Book Synopsis The Philosopher's "I" by : J. Lenore Wright
Download or read book The Philosopher's "I" written by J. Lenore Wright and published by State University of New York Press. This book was released on 2012-02-01 with total page 230 pages. Available in PDF, EPUB and Kindle. Book excerpt: This book examines philosophers' autobiographies as a genre of philosophical writing. Author J. Lenore Wright focuses her attention on five philosophical autobiographies: Augustine's Confessions, Descartes' Meditations, Rousseau's The Confessions, Nietzsche's Ecce Homo, and Hazel Barnes's The Story I Tell Myself. In the context of first-person narration, she shows how the philosophers in question turn their attention inward and unleash their analytical rigor on themselves. Wright argues that philosophical autobiography makes philosophical analysis necessary and that one cannot unfold without the other. Her distinction between the ontological and rhetorical dimensions of the self creates a rich middle ground in which questions of essence and identity bear upon existence.
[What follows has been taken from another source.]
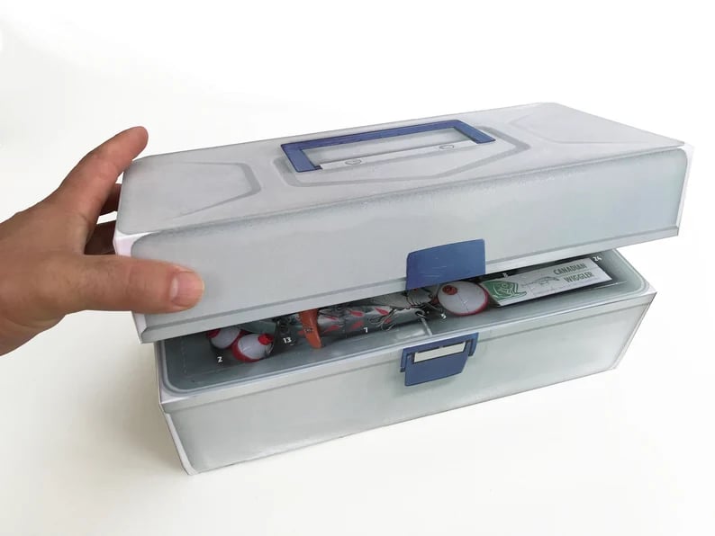 Inne i vil du finne en vakker, kompakt, vannavvisende boks under dør #1. De 23 rommene som følger avslører alle slags fantastiske fiskeutstyr av høy kvalitet for å fylle boksen.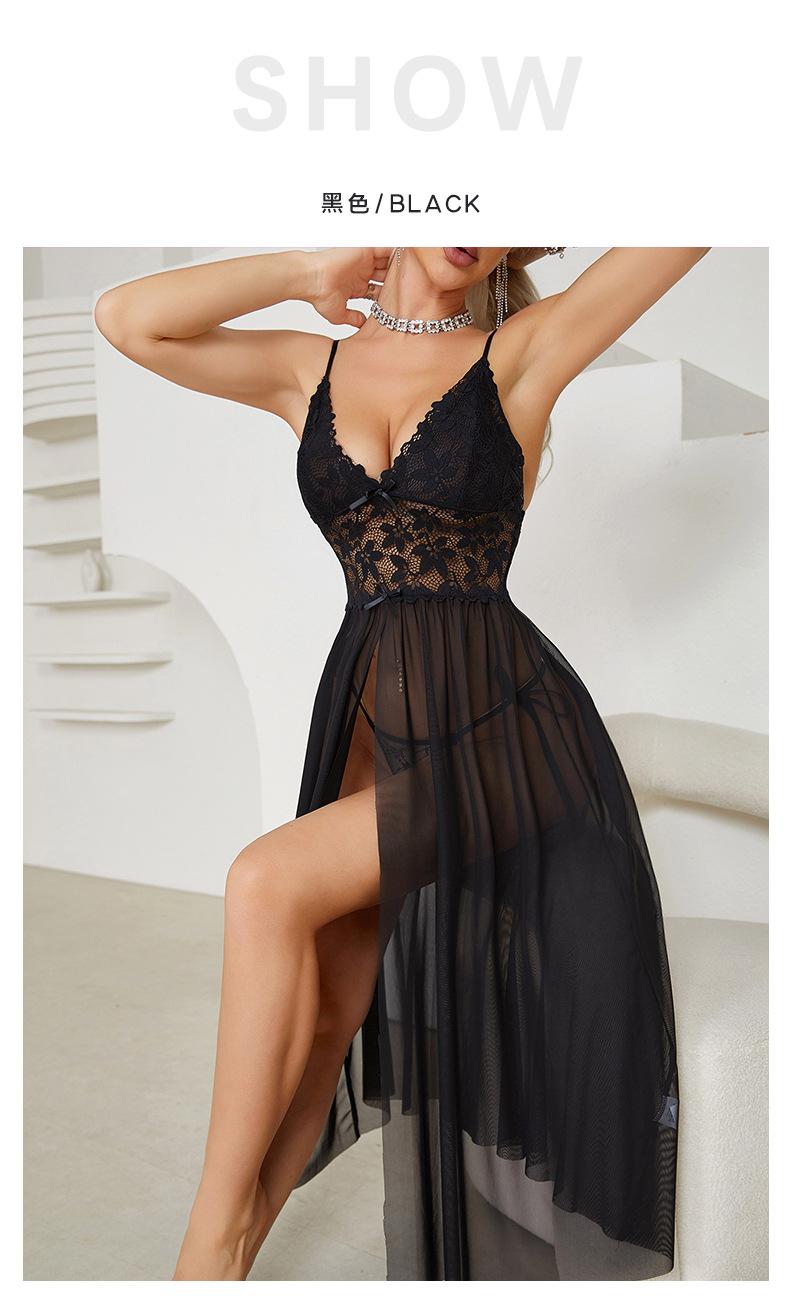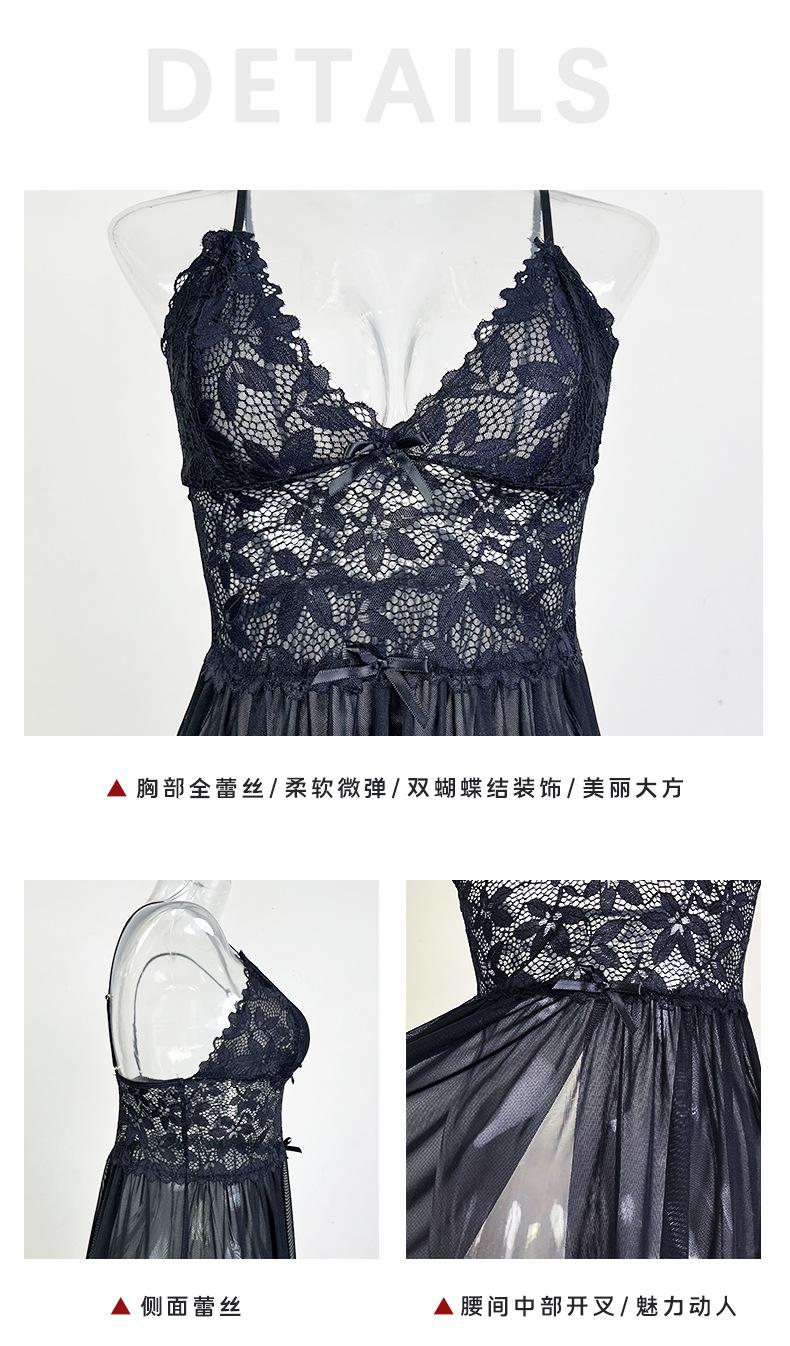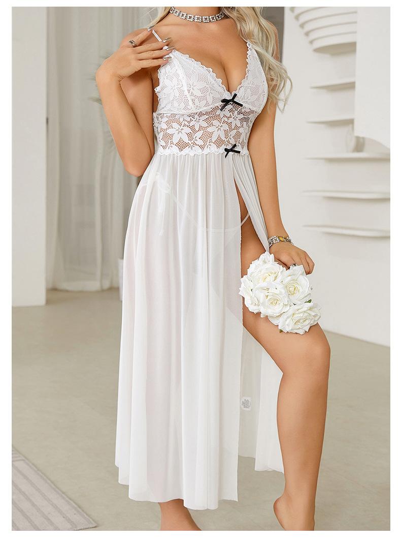 Comercio Exterior Tallas Grandes Lencería Sexy Malla Encaje Pijamas Falda Dividida Ropa de Casa Camisón Largo 681

Book Synopsis The SAGE Handbook of Qualitative Research Ethics by : Ron Iphofen
Download or read book The SAGE Handbook of Qualitative Research Ethics written by Ron Iphofen and published by SAGE. This book was released on 2018-02-05 with total page 870 pages. Available in PDF, EPUB and Kindle. Book excerpt: This handbook is a much-needed and in-depth review of the distinctive set of ethical considerations which accompanies qualitative research. This is particularly crucial given the emergent, dynamic and interactional nature of most qualitative research, which too often allows little time for reflection on the important ethical responsibilities and obligations Contributions from leading international researchers have been carefully organised into six key thematic sections: Part One: Thick Descriptions Of Qualitative Research Ethics Part Two: Qualitative Research Ethics By Technique Part Three: Ethics As Politics Part Four: Qualitative Research Ethics With Vulnerable Groups Part Five: Relational Research Ethics Part Six: Researching Digitally This Handbook is a one-stop resource on qualitative research ethics across the social sciences that draws on the lessons learned and the successful methods for surmounting problems – the tried and true, and the new.